Algunos, ya cansados de tanto trajinar se establecían en alguna villa y se ponían a fabricar muebles o vestidos, o juguetes, o joyas. Empleaban a gente del lugar y se ponían a fabricar a nuestro pedido.
Los nobles y la curia de las villas nos miraban con desprecio: no debéis traficar con dinero, nos decían. La Iglesia prohíbe la usura. Es que algunos de nosotros, también cansados de tanto viaje se ofrecían a resguardar el dinero en sus residencias, bien vigiladas. Para que las monedas no se durmieran, las prestaban a gentes con ideas de comprar allí y vender acullá, a un interés. Como la Iglesia comenzó a excomulgarlos, el asunto fue pasando naturalmente a manos de los únicos a los cuales no se los podía excomulgar: los judíos.

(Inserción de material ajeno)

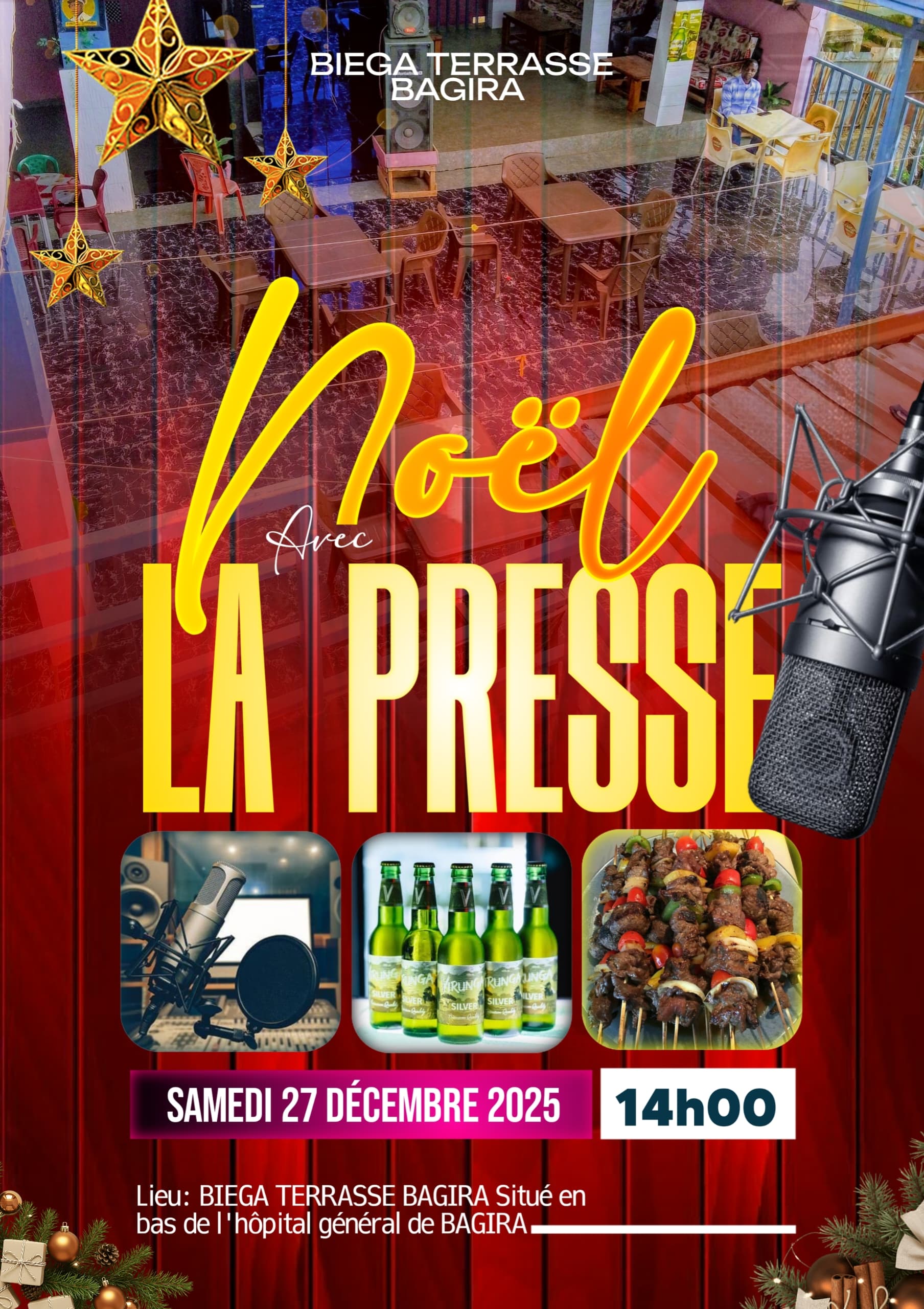 Au programme ,ambiance musicale entraînante, repas et boissons variés, le tout dans un cadre sécurisé. Les organisateurs appellent les professionnels des médias radio, presse écrite et audiovisuelle à venir nombreux pour clore l’année dans la joie. Cette initiative confirme la volonté de Biega Terrasse de devenir un lieu de choix pour les événements marquants à Bukavu.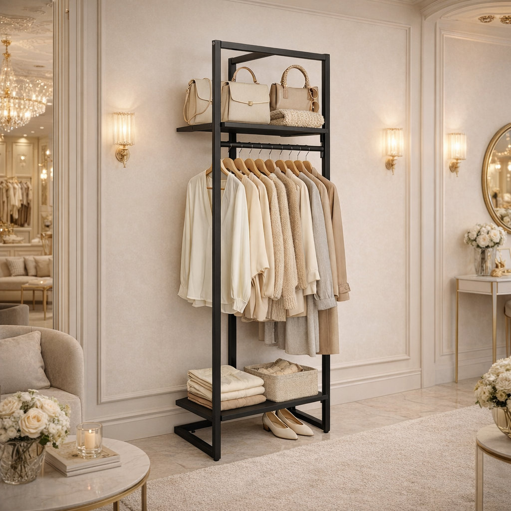 Die Zubehörteile, wie Konfektionsstange & Fachböden und Konsolen für Fachböden sind im Set inbegriffen!

Los judíos, además, poseían algunas informaciones muy valiosas de lejanos países. Viajaban mucho, tenían conocidos en todas las aldeas y una red de contactos en las cortes, castillos e incluso, abadías. Como eran temerosos de los señores exageraban su docilidad. Eso los convertía fácilmente en víctimas de la sospecha: tras esos buenos modos, tras el estricto cumplimiento de la palabra se escondía, quizás, la llama de Satán. Pero eso, a nosotros, poco nos importaba. Aceptábamos gustosos sus préstamos, comprábamos, vendíamos y pagábamos el interés. Y todos tan felices.
Pero a los buenos tiempos siempre le sucedía la desgracia: la guerra o las pestes, a veces trabajando juntas. Los señores se aburrían y su único solaz era la guerra. A veces con justa causa, otras solo por un capricho. Los curas bendecían las armas, la leva se llevaba a los jóvenes y los caminos se cerraban. Ya no podríamos llevar estos paños a la otra Villa. Los meses pasaban, perdíamos el contacto, otros comerciantes entonces nos desplazaban de las plazas habituales y perdíamos mercados. Odiábamos la guerra. Eso nos hacía, en opinión de los señores, cobardes. Cobardes judíos, gitanos, desplazados, marginales, escapados de la gleba o del ejército: la hez de la Humanidad estaba alumbrando un nuevo tiempo. No lo sabíamos en aquellos días. No había cronistas para registrar esas andanzas. Creo que nadie lo sabrá en el futuro.